After two disappointing employment reports earlier last week - in the form of the ADP National Employment Report and the Initial Jobless Claims Report - the labor market finally received some good news on Friday when the Labor Department released their official Jobs Report that showed 244,000 jobs were created in April. That was far above all expectations... and it was the biggest private job increase since 2006!
But where did this number come from... and is it accurate?
This headline number comes from the Current Population Survey, which uses the birth/death model to guesstimate the amount of jobs lost or gained in different industries - based on how many businesses were "born" or "died." And it isn't until we get revisions to the previous month's reports that we get a more accurate and final number.
Furthermore, history has shown that the birth/death model used to estimate is lagging - and at the start of an improving labor market, like we are seeing, the future revisions will likely show more jobs created than previously reported. This dynamic was evident in this month's Jobs Report, as revisions to March showed that an additional 46,000 jobs were created.
Despite the better-than-expected number of jobs created, the Unemployment Rate ticked up to 9% from 8.8%. The data for the Unemployment Rate comes from an entirely different survey - which is called the Household Survey - and is a bit contradictory to the headline news. This shows that the jobs being created simply aren't enough to have yet made a significant dent in the number of jobless Americans.
Also in the Jobs Report, Average Hourly Earnings were reported up by 0.1% to $22.95 per hour. Hourly earnings have increased by 1.9% year over year, just not enough to create "wage-based inflation," which is where employers have to pump up the prices of their goods and services to cover increased wages. So this was somewhat Bond-friendly news.
Although the Jobs Report was mixed, the overall positive tone does validate that the labor market is gradually improving. As the labor market improves, so will the economy and housing - and with that, interest rates will gradually rise as well. In the short run, the recent rise in Bonds is encouraging. However, after such a strong run higher, it would not be surprising to see more downside follow through in Bonds - which could mean higher home loan rates. The good news is that home loan rates recently reached some of the best levels so far in 2011 - and rumors on Friday that Greece may leave the European Union helped Bonds, as traders sought a safe haven.
That means a window has opened up... but there’s one important point you should understand.

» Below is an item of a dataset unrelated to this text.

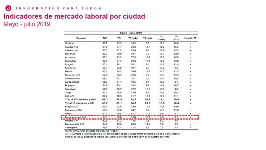 Bucaramanga se mantiene como la cuarta ciudad del país con menor nivel de desempleo, después de Cartagena, Barranquilla y Pereira quienes lideran la lista de mayor cantidad de personas con empleo en Colombia, de acuerdo con el último reporte de Mercado Laboral del Dane que demuestra además que el desempleo nacional aumentó paulatinamente en agosto del presente año, teniendo a Quibdó, Cúcuta y Valledupar liderando esta lista.

It’s important to note that the last time rates hit this level, they jumped significantly higher from here. What’s more, signs of inflation are beginning to creep into our economy, which never bodes well for home loan rates. And if the rumors of Greece leaving the European Union turn out to be untrue (as Greece has stated), the safe haven bounce we saw last Friday could quickly be erased. That’s why it’s important to take action now.
It doesn’t cost anything to check out your situation, and the choice of moving forward or not will be up to you. Don’t miss this window of opportunity to save significantly on your monthly budget. Call or email today to take a look.
Forecast for the Week
This week starts out a little slow, but don’t let that fool you:
• Heavy amounts of long-term debt will be issued this week in Treasury Auctions. Those auctions will equal $72 Billion with $24 Billion in 10-year Notes and $16 Billion in 30-year Bonds. With rates having moved to the best levels of 2011, we may see tepid buying interest for securities at these rates.
• Inflation reports will be in the news again this week, with the Producer Price Index (PPI) on Thursday and the Consumer Price Index (CPI) on Friday. Last month, these reports indicated that inflation is on the rise, but it remains somewhat tame for the moment in terms of what consumers are experiencing. With so much concern over the possibility of future inflation, you can bet the markets will be watching these reports closely - as will I.
• Retail sales will also be released on Thursday. This is the most timely indicator of broad consumer spending patterns.
• Thursday we’ll also see the weekly Initial and Continuing Jobless Claims Report. Last week, Initial Jobless Claims came in at 474,000 which, unfortunately, was well above the 400,000 that was expected, and also the highest level in 9 months.
• The Consumer Sentiment Index is due out on Friday. This index is important because the level of consumer sentiment is directly related to the strength of consumer spending, which accounts for two-thirds of the economy
Remember: Weak economic news normally causes money to flow out of Stocks and into Bonds, helping Bonds and home loan rates improve, while strong economic news normally has the opposite result.